Given information:
——————
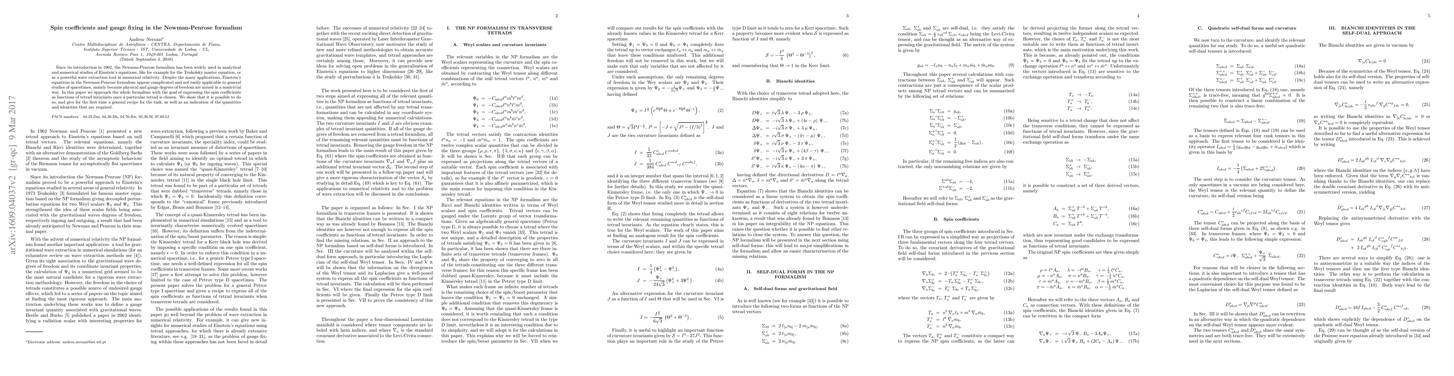 This paper explores the Newman-Penrose formalism, aiming to express spin coefficients as functions of tetrad invariants for a chosen tetrad. It provides a general method and necessary quantities to achieve this, addressing the complexity and mixed gauge-physical degrees of freedom in the formalism.
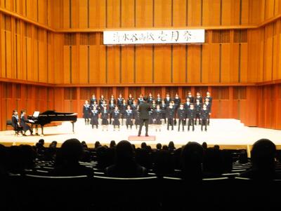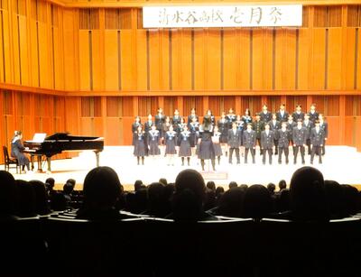清水谷高校の伝統ある学校行事「壱月祭」を東大阪市文化創造館大ホールで開催しました。1,2年生の全16クラスがステージで課題曲と自由曲を混声四部合唱で発表。厳正なる審査の結果、1年生はH組、2年生はE組が見事優勝!フィナーレでは、オーケストラ・アンサンブル部の伴奏と合唱部のリードにより、課題曲を全員で会場全体を震わせるハーモニーで熱唱し、思い出に残る行事となりました。
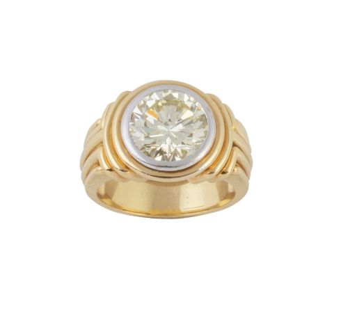 Sortija solitario con un brillante de peso estimado 3,77 ct en montura de oro gallonado
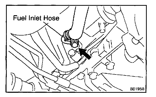c. Remove the union bolt and 2 gaskets, and disconnect the fuel inlet hose from the fuel pipe support.
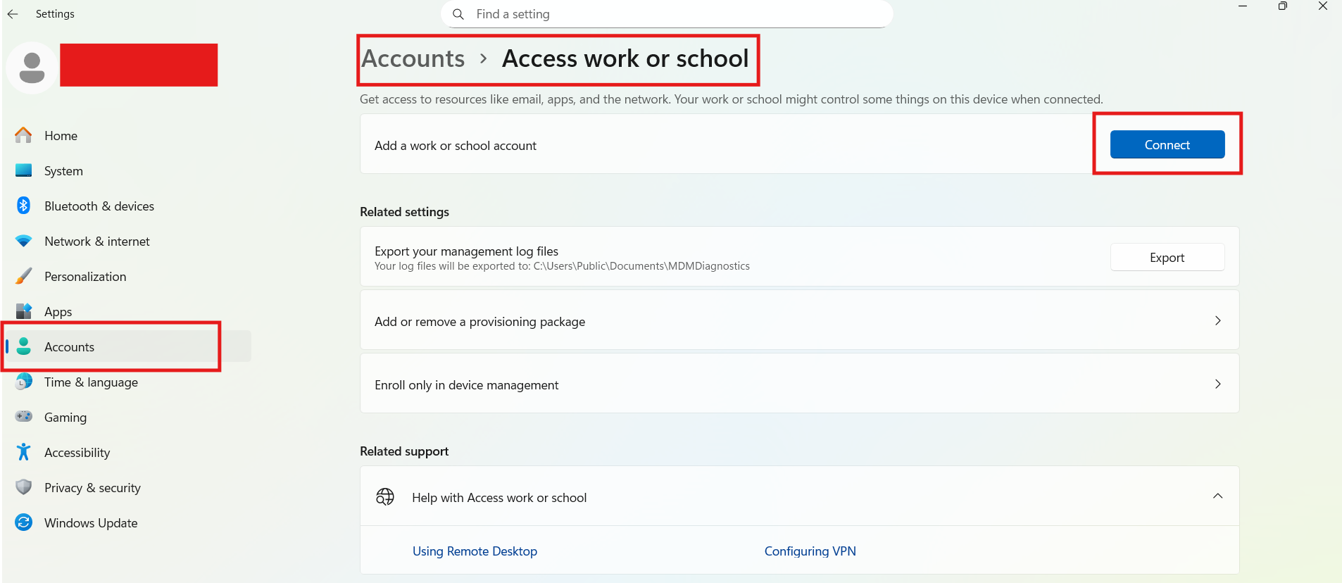 %localappdata%PackagesMicrosoft.AAD.BrokerPlugin_cw5n1h2txyewy。 - 打開“設置”,轉到“帳戶”,然後轉到“訪問工作單位或學校”。斷開所有條目的連接,然後單擊“連接”以再次添加您的帳戶。
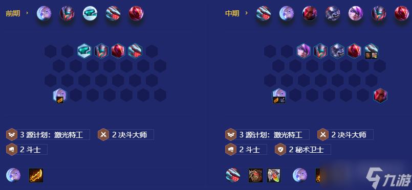 赌狗艾希阵容包括:艾希、布里茨、雷克顿、卡蜜尔、亚索、伊泽瑞尔、薇恩、卡莎,羁绊为4情报特工、3源计划:激光特工、2AI程序、2决斗、2斗士。黑客劫 黑客劫阵容有亚索、艾克、赫卡里姆、瑟庄妮、蔚、劫、薇恩、尼菈、佐伊,羁绊包括4决斗大师、3源计划、2斗士、2秘术卫士、2黑客、2淘气包。
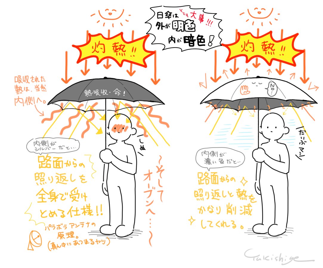 @YKSG_kikuuu @skr_0221 私そういう知識もなく去年外側が白で内側が黒の日傘を買ったのですが、友達にそれめちゃ良い奴じゃん!って言われたのを思い出しました。重宝してます。。。毎年熱中症になるので、今年は気をつけなければ!
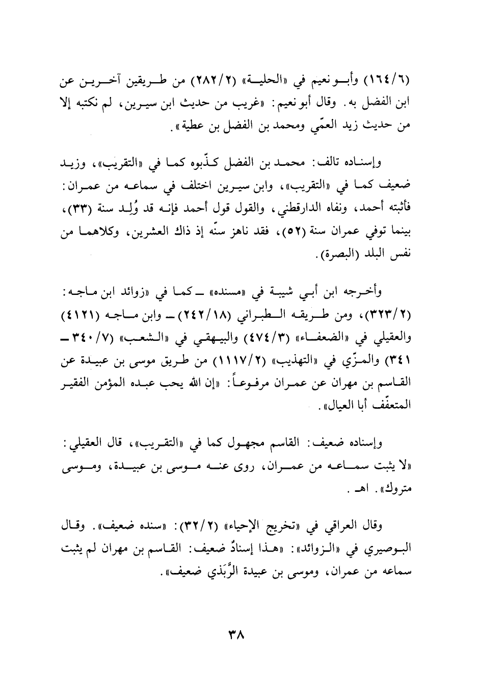 وقال العراقي في "تخريج الإحياء" (2/ 32): "سنده ضعيف". وقال البوصيري في "الزوائد": "هذا إسنادٌ ضعيف: القاسم بن مهران لم يثبت سماعه من عمران، وموسى بن عبيدة الرَّبَذي ضعيف".
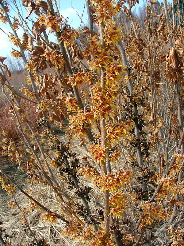 Nothing breaks the monotony of late winter like the highly fragrant witchhazel; this variety features long lasting gold strap-like flowers in tight bunches along the branches with burgundy centers and a wide-spreading habit of growth
——————
Transcribe the listing above verbatim. Omit the pictures.

 This paper explores the Newman-Penrose formalism, aiming to express spin coefficients as functions of tetrad invariants for a chosen tetrad. It provides a general method and necessary quantities to achieve this, addressing the complexity and mixed gauge-physical degrees of freedom in the formalism.
清水谷高校の伝統ある学校行事「壱月祭」を東大阪市文化創造館大ホールで開催しました。1,2年生の全16クラスがステージで課題曲と自由曲を混声四部合唱で発表。厳正なる審査の結果、1年生はH組、2年生はE組が見事優勝!フィナーレでは、オーケストラ・アンサンブル部の伴奏と合唱部のリードにより、課題曲を全員で会場全体を震わせるハーモニーで熱唱し、思い出に残る行事となりました。
 Sortija solitario con un brillante de peso estimado 3,77 ct en montura de oro gallonado
c. Remove the union bolt and 2 gaskets, and disconnect the fuel inlet hose from the fuel pipe support.
 %localappdata%PackagesMicrosoft.AAD.BrokerPlugin_cw5n1h2txyewy。 - 打開“設置”,轉到“帳戶”,然後轉到“訪問工作單位或學校”。斷開所有條目的連接,然後單擊“連接”以再次添加您的帳戶。
 赌狗艾希阵容包括:艾希、布里茨、雷克顿、卡蜜尔、亚索、伊泽瑞尔、薇恩、卡莎,羁绊为4情报特工、3源计划:激光特工、2AI程序、2决斗、2斗士。黑客劫 黑客劫阵容有亚索、艾克、赫卡里姆、瑟庄妮、蔚、劫、薇恩、尼菈、佐伊,羁绊包括4决斗大师、3源计划、2斗士、2秘术卫士、2黑客、2淘气包。
 @YKSG_kikuuu @skr_0221 私そういう知識もなく去年外側が白で内側が黒の日傘を買ったのですが、友達にそれめちゃ良い奴じゃん!って言われたのを思い出しました。重宝してます。。。毎年熱中症になるので、今年は気をつけなければ!
 وقال العراقي في "تخريج الإحياء" (2/ 32): "سنده ضعيف". وقال البوصيري في "الزوائد": "هذا إسنادٌ ضعيف: القاسم بن مهران لم يثبت سماعه من عمران، وموسى بن عبيدة الرَّبَذي ضعيف".
 Nothing breaks the monotony of late winter like the highly fragrant witchhazel; this variety features long lasting gold strap-like flowers in tight bunches along the branches with burgundy centers and a wide-spreading habit of growth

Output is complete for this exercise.